云儿怯怯地举着火把,眼角的泪还未干,抓着沙棠的衣角,走到那房间门前。隐隐约约地听见一些呜咽的叫声,敲打声,像鬼哭,像夜叉招魂的声音:“什么声音?好可怕!”
沙棠的强装镇定,那呜咽的声音引起了她的注意。她伏身靠在地上,仔细辨别。声音虽弱,却分明是有人在喊救。她紧张地手心发汗,想到定是无启又不知道去哪里抓人来炼药。她拔出刀子在地上跟墙上做上记号,晚上等他们都睡了,她要想法子过来确定情况。
那房间一个窗户都没有,白天也没有一丝光亮。只听得见苍蝇那嘤嘤的飞舞声,还有浓烈的血腥腐肉混杂的气味。
云儿不敢睁眼,脚像千金重挪不动步。
沙棠也怕,给她也给自己壮了壮胆:“别怕,师姐在!师姐陪着你!”
走了几步,云儿秉着呼吸,隐隐约约地看见墙上吊着一个什么。沙棠拿着火把的手满是冷汗,硬着头皮举着火把凑近那挂着东西。
忽然云儿“啊!”地大叫了一声。丢了手里的刀子和瓶子:“弟弟!弟弟!”她大喊道:“天!怎么是我的弟弟!”她眼泪哇哇直流,神智几乎疯魔地哭喊着。
沙棠也吓懵了,火把滑落。那吊着的人分明已经死了几日,尸身干扁,表情狰狞。像风干的腊肉,一晃一晃地。
天樱接住那掉落在地的火把,深深地叹了一口气。
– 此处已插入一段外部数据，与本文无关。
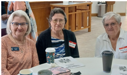
United Women in Faith - Leadership Training
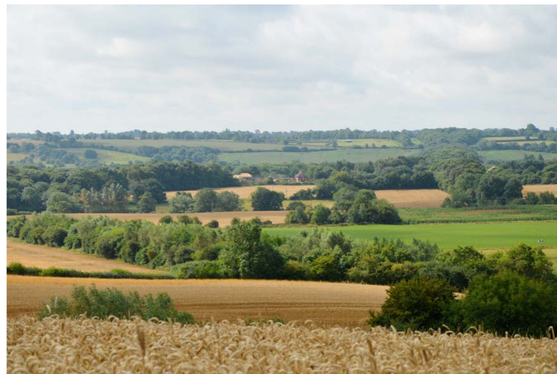
Photograph 3 A zoomed view of Photograph 2, showing visibility of Railway House and construction at The Grange.

她知道师父所做的一切,但是师父要他瞒着,不许给她们透露出一个字。
天樱默默把云儿弟弟的尸身取了下来。眼神悲切地看在地上嚎啕大哭的云儿。
那历生听见哭声,进到里屋,嫌弃地骂:“现在知道我们取血辛苦了吧!”说完把尸体拖到外头。
云儿疯了似的奔向那弟弟的尸身哭喊着:“不要!不要拖走我弟弟!不要!”
天樱抓住她,任由她摔打。直到,历生把弟弟的尸身扔进那个终日未曾断过柴火的铁盒子炼丹炉。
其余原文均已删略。